• Task item: Repeat exactly the lines running from the first line of the data to the line containing "お部屋の間取りはあくまで一例", both ends included, and nothing else; drop the pictures.

• Provided material:
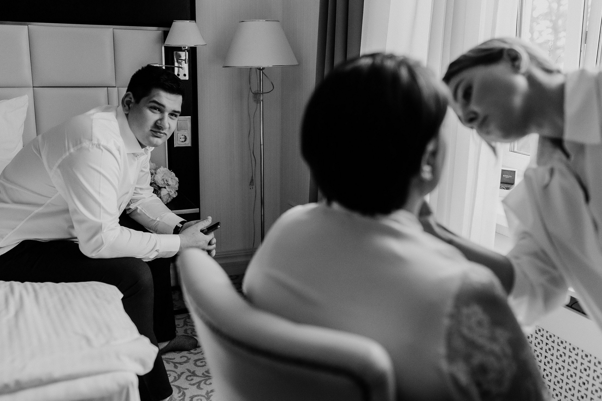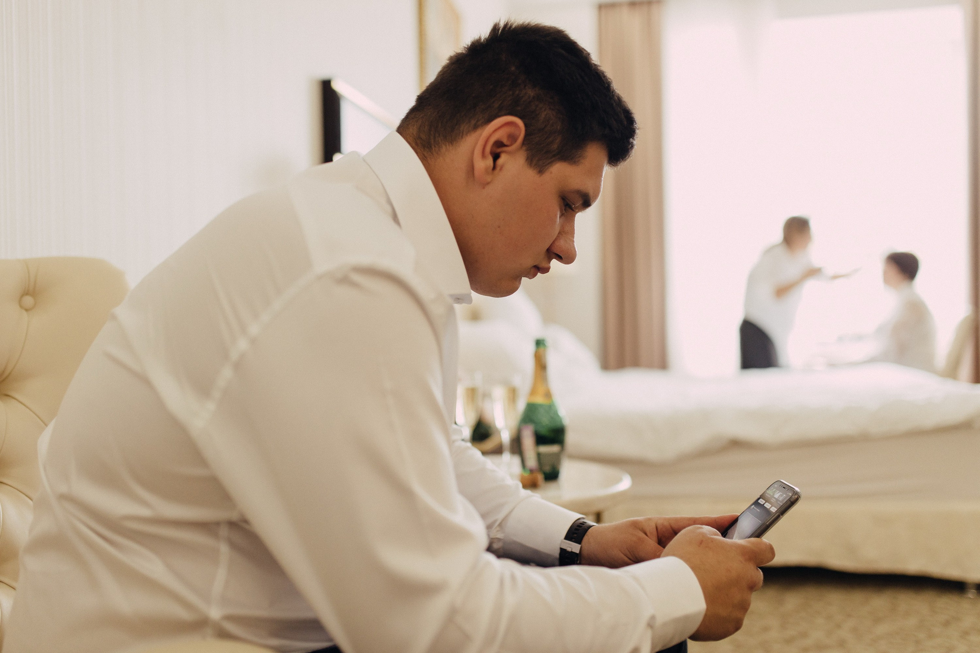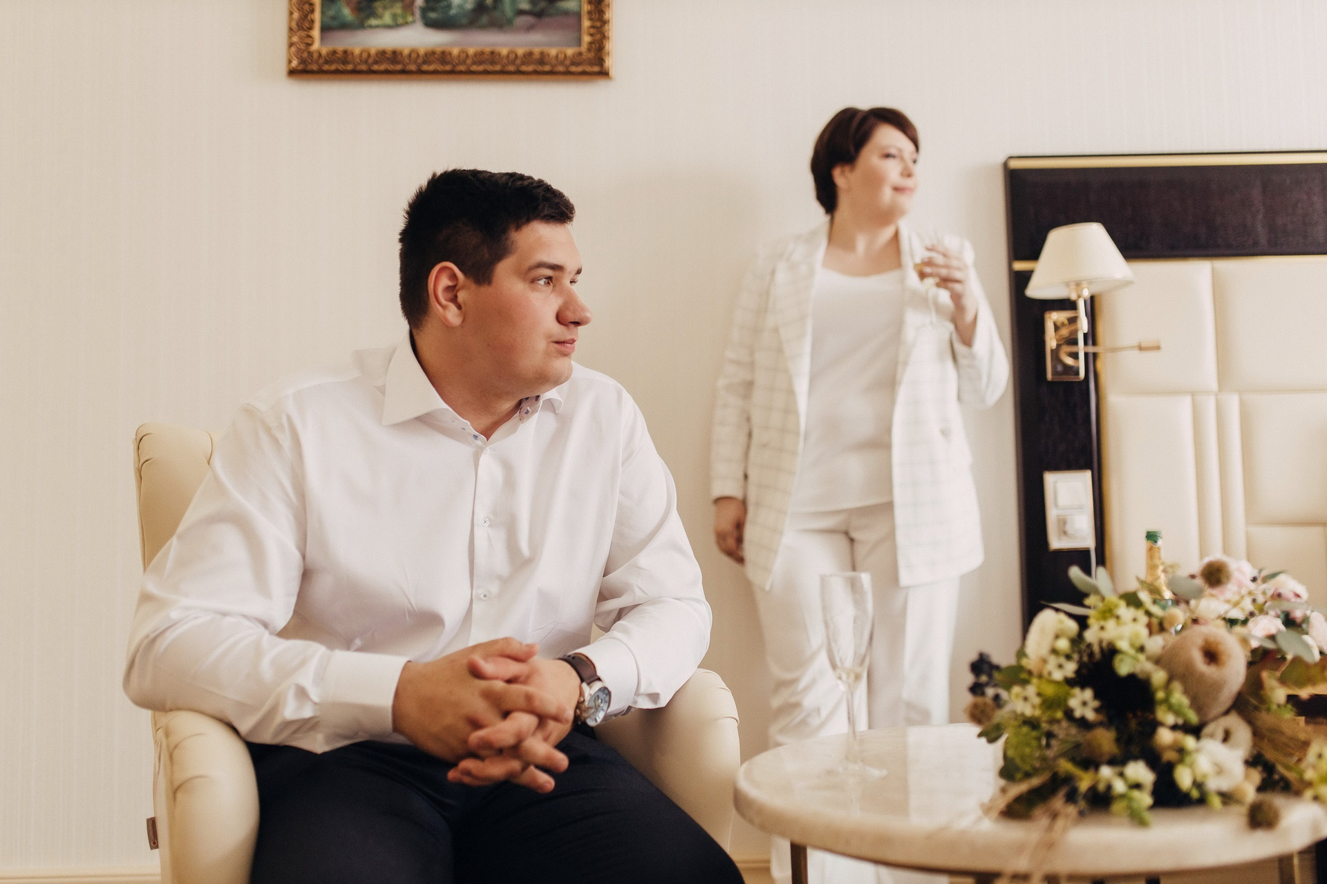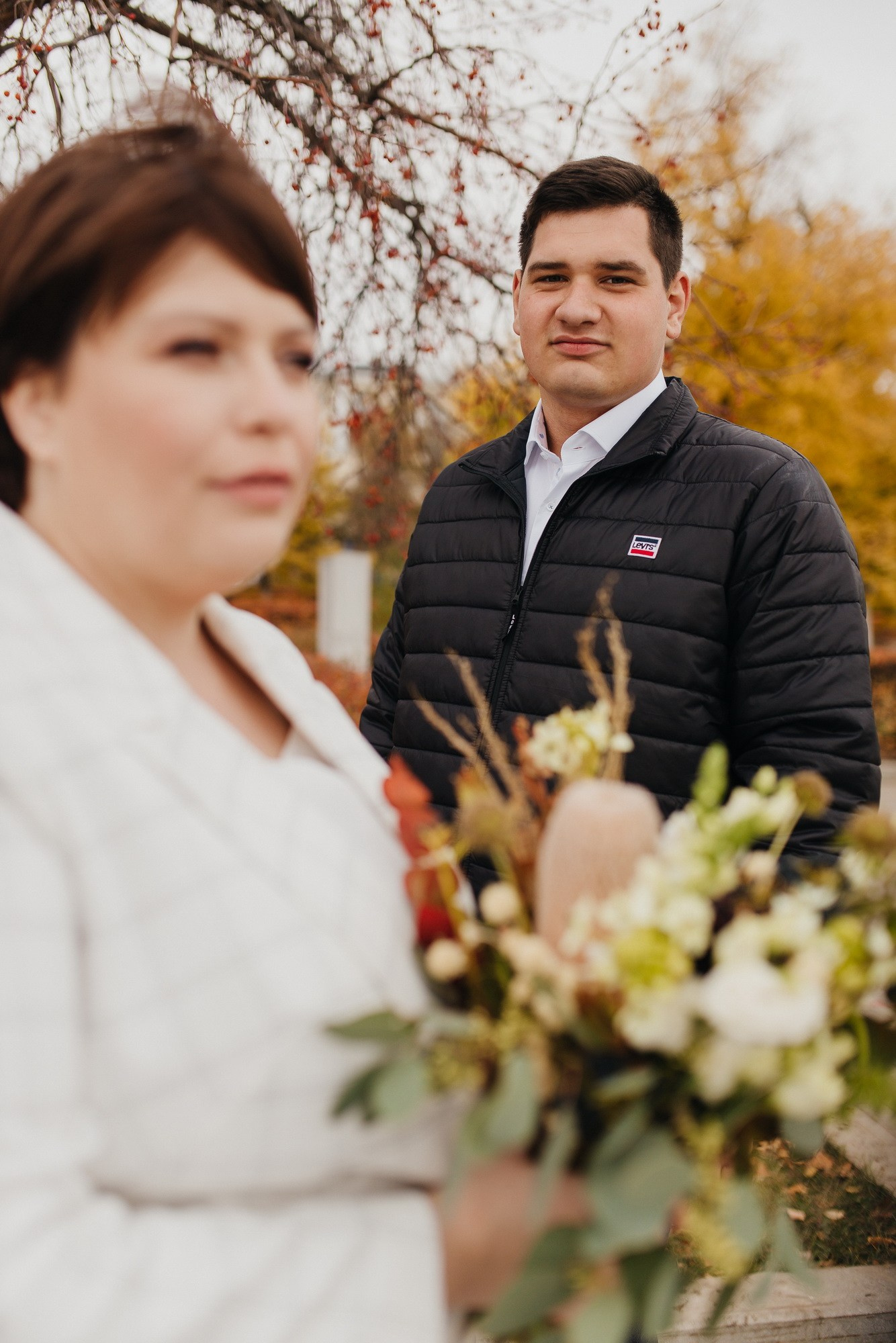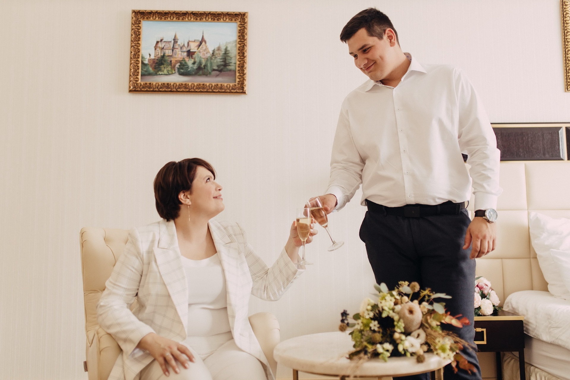 Это была камерная свадьба только для двоих. Неспешные сборы в отеле, торжественная роспись и маленькая прогулка по осенней набережной.
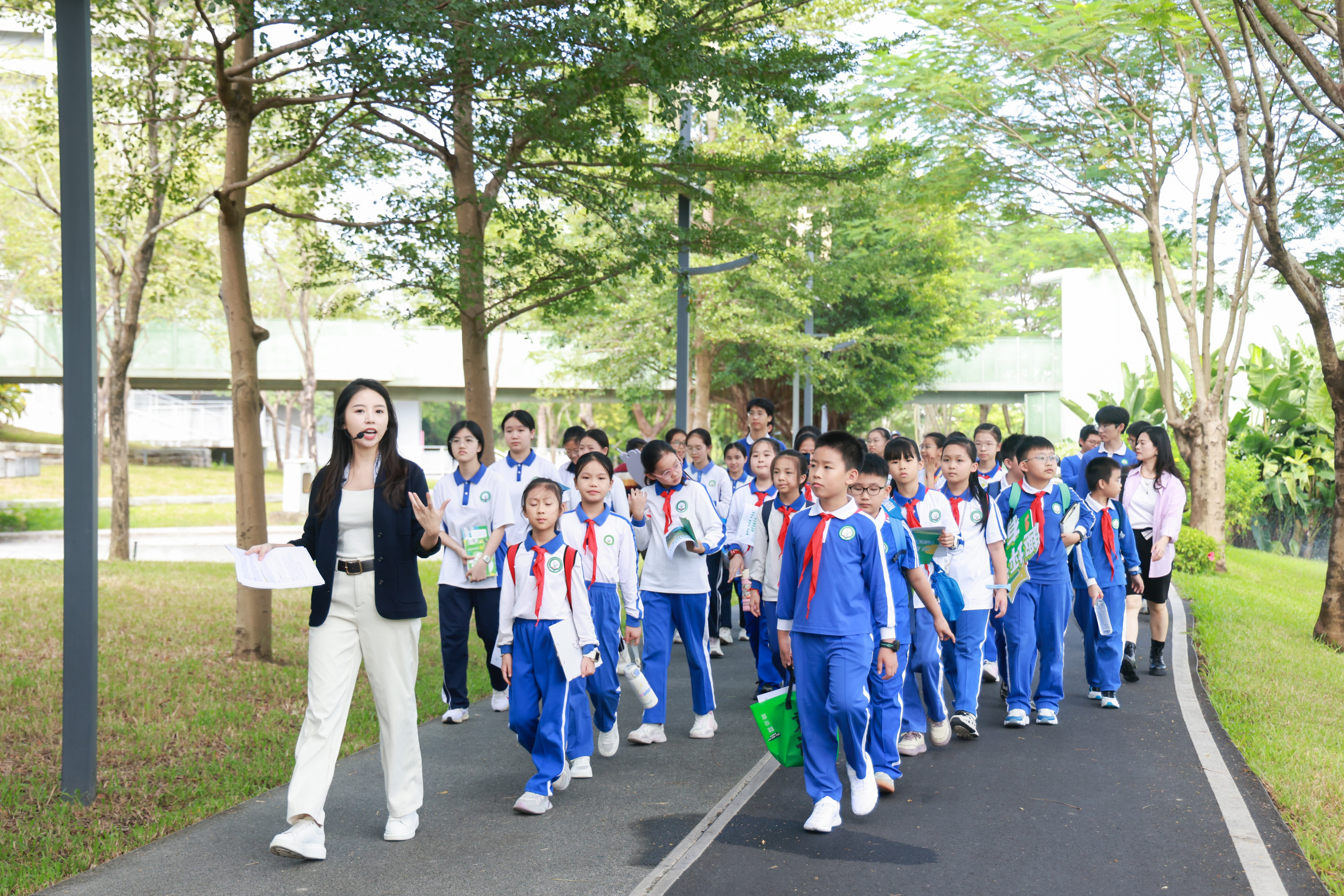 该校外课堂计划将深圳国际低碳城等绿色地标串联成线,打造出移动化、场景化的环保课堂。学生乘坐主题公交出发,沿途探寻气膜馆“两个月建成、可循环使用”的低碳奥秘,触摸会展中心立体化绿植墙,亲身体验声控节能喇叭的科技魅力,在微藻氧吧观察绿色藻液净化空气的神奇过程,在未来大厦感受 “光储直柔”技术的前沿力量。
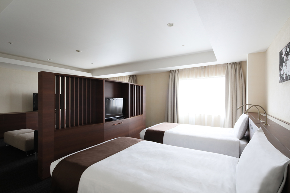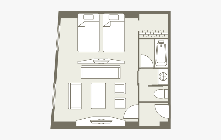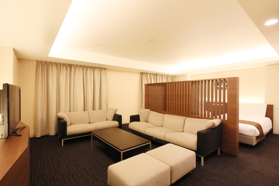 お部屋の間取りはあくまで一例です。面積や家具の配置、備品などはお部屋により異なりますので、あらかじめご了承ください。
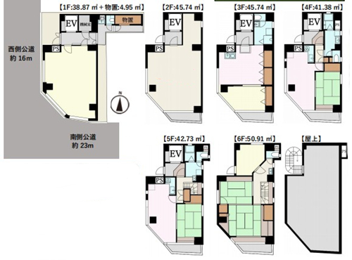 1988年6月建成,永久產權,符合新抗震標準。位于東京都臺東區,JR線、東京地下鐵日比谷線等多條線路可以利用。大樓鋼筋混凝土造6層,西南角地,西側、南側分別寬約16m、23m道路,設有電梯,2023年末實施了屋頂防水涂裝及部分共用部、部分室內翻新等,1F、2F店鋪、事務所,3F住居或事務所,4F住居、5F~6F躍層住居,配套設備齊全,目前部分出租中,詳情歡迎咨詢。海外客戶可以申請日本銀行貸款購房,目前有兩種方式:1.需要在日本設立公司,以法人名義購買,貸款額度約60-70%、還款周期25-35年、貸款利率1.5%起。2.個人名義購買,海外客戶可以申請日本個人抵押貸款購房,不需要設立公司,貸款額度約50-60%,還款周期15-25年,貸款年齡65歲以內,貸款額度不能低于2000萬日元,貸款利率2.7%起。

• Task output:
 Это была камерная свадьба только для двоих. Неспешные сборы в отеле, торжественная роспись и маленькая прогулка по осенней набережной.
 该校外课堂计划将深圳国际低碳城等绿色地标串联成线,打造出移动化、场景化的环保课堂。学生乘坐主题公交出发,沿途探寻气膜馆“两个月建成、可循环使用”的低碳奥秘,触摸会展中心立体化绿植墙,亲身体验声控节能喇叭的科技魅力,在微藻氧吧观察绿色藻液净化空气的神奇过程,在未来大厦感受 “光储直柔”技术的前沿力量。
 お部屋の間取りはあくまで一例です。面積や家具の配置、備品などはお部屋により異なりますので、あらかじめご了承ください。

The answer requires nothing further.